Right, which is why I said peterk "may *have* been able to do some capital loss harvesting" (i.e. past tense). He would have had to wait 30 days to re-purchase in the TFSA in order to avoid the superficial loss rules.


----------



## Eclectic12 (Oct 20, 2010)

Opps ... missed the past tense ... sorry.


Cheers


----------



## peterk (May 16, 2010)

But of course I actually I had a small capital Loss, as explained up thread. 

edit: Capital LOSS


----------



## Eclectic12 (Oct 20, 2010)

Miss number 2 ... :biggrin:


Cheers


----------



## peterk (May 16, 2010)

No worries. You da man Eclectic!


----------



## 0xCC (Jan 5, 2012)

Eclectic12 said:


> Opps ... missed the past tense ... sorry.
> 
> 
> Cheers


Given the volume and depth of your posts I think that you have a pretty low percentage of errors. At least the occasional small miss proves you are human.


----------



## Eclectic12 (Oct 20, 2010)

That's where the proof reading at times catches the miss before the "Post Reply" ... otherwise I'd be proving to be human a lot more often. :biggrin:

Then too, when rushed ... I have a habit of posting and then when returning to the thread, it becomes clear that a detail was posted later. :eek2:


*peterk:* Congrats on having the small CG while making the stock dividend payout stuff an academic discussion instead of a "need to know".



Cheers


----------



## peterk (May 16, 2010)

Eclectic12 said:


> *peterk:* Congrats on having the small CG while making the stock dividend payout stuff an academic discussion instead of a "need to know".
> 
> Cheers


Well, I briefly owned it in unregistered, realized I "needed to know", got an answer that was not particularly to my liking, and remedied the situation by moving HSE out into TFSA.  Problem solved!

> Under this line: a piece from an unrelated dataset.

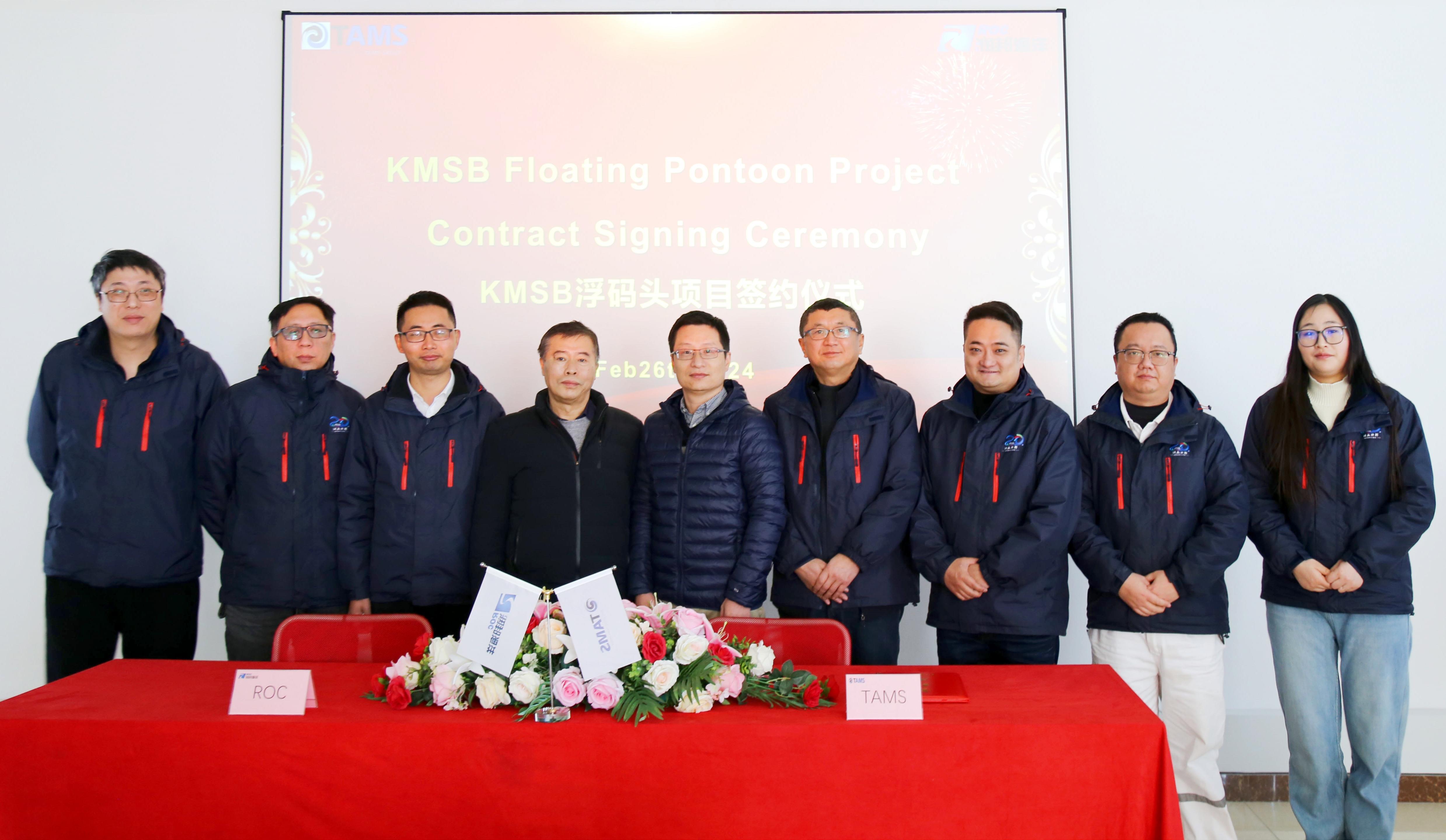 近日,子公司潤邦海洋與澳大利亞TAMS集團舉行KMSB Floating Pontoon項目簽約儀式,TAMS集團Jason先生,潤邦海洋總經理邵夕吾、常務副總經理方如意等相關領導出席。雙方成功簽約,標志著雙方攜手發展、合作共贏的新征程正式開啟。

I think I'll just stick to regular dividend CDN equities in my unregistered account until absolutely necessary to allocate other assets to it.


----------



## Eclectic12 (Oct 20, 2010)

I've used TFSA "in-kind" transfers to get rid of REITs paying too much of their cash classed as regular income.

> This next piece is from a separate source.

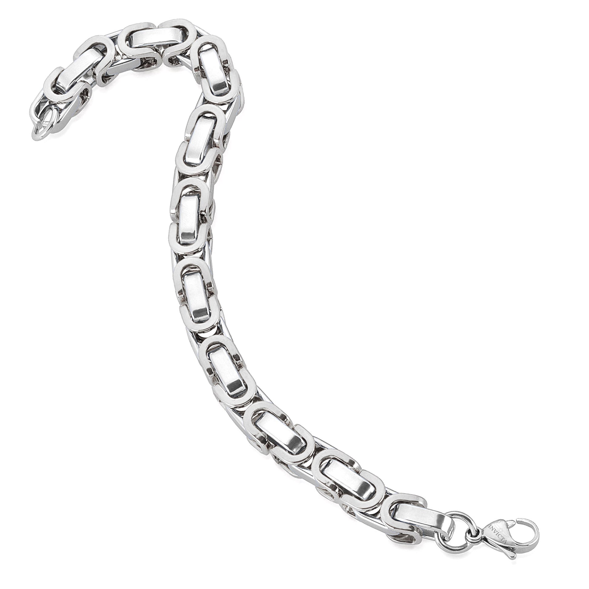 Men's Polished Byzantine Chain Stainless Steel Bracelet and Necklace Set (8mm)

Once I'd made sure of the bookkeeping & info required ... I have been partial to REITs paying 80%+ of their cash as RoC in a taxable account with eligible dividends coming in second. Though the first priority is whether the company plus it's prospects.


Cheers


----------



## peterk (May 16, 2010)

Eclectic12 said:


> Maybe I am missing something ... but doesn't selling for a loss in a taxable account followed by buying the in the TFSA *the same stock* trigger the superficial loss rules?
> 
> http://www.canadiancapitalist.com/in-kind-contributions-and-superficial-loss-rules/
> 
> ...


Oh man. I was not paying attention to you guys when I was reading this...

Of course what I did did just run afoul of the Superficial loss rule.. I should've realized that. :stupid: This also throws a wrench into my ACB tracking sheet (I'm using the Canadian Capitalist excel sheet).

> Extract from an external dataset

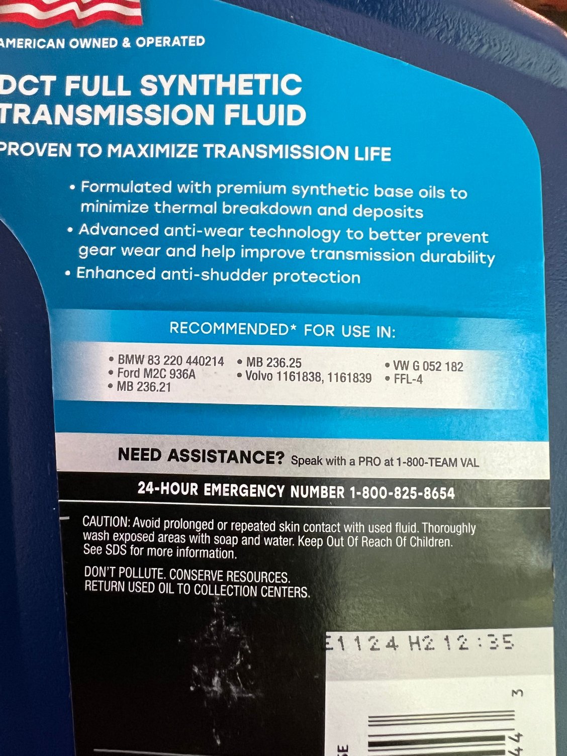 My points were really just 1) TREMEC and GM recommend specific products (Pentosin FFL-4, Fuchs Titan FFL-4, and Delco DCTF FFL-4 depending on where you look) but do not references a "specification". 2) FFL-4 is not a specifcation - there is no approving or licensing authority - unlike API, or dexos, or GETRAG etc., 3) the Valvoline Dual Clutch Transmission Fluid lists recommended uses, but list no specification approvals or licenses.

Luckily it was only $10, and it was a full position closed and re-opened in registered, so this problem is done and gone.

I'll have to make sure I don't screw this up again in the future. Geez, my very first week investing in an unregistered account and I've already made several mistakes!

I've now put together a spreadsheet sorted by tax-yield and other considerations to decide how to go forward with allocating stocks to the unregistered account vs not. And I'll have to make sure not to screw up on the Superficial loss rule again. Man, what if I have a _partial_ position superficial loss? I think that would make my CC ACB tracking sheet explode, along with my head!

Oh the joys of investing in a taxable account...


----------



## 0xCC (Jan 5, 2012)

If you had capital gains, you don't have anything to worry about. You would have had to pay the taxes no matter how you did it.

If you had a superficial loss in the stock that you transferred out of your TFSA (i.e. when you put it in your TFSA you had a superficial loss, if you bought it inside your TFSA then you don't have anything tot worry about, your ACB is the value when the stock came out of the TFSA) then you have some calculations to do.


----------



## Eclectic12 (Oct 20, 2010)

peterk said:


> ... what I did did just run afoul of the Superficial loss rule ...


I'm not following ... unless you are using this situation to work out the details of the superficial loss rules.

A small CG makes the superficial loss rules irrelevant.




peterk said:


> ... I'll have to make sure not to screw up on the Superficial loss rule again.


*shrug* ... you didn't so the main lesson appears to me to be to verify if the same stock is held in a registered account before selling for a CL. If not, all is good. If so, then some planning is required.




peterk said:


> ... it was only $10, and it was a full position closed and re-opened in registered, so this problem is done and gone ... what if I have a _partial_ position superficial loss?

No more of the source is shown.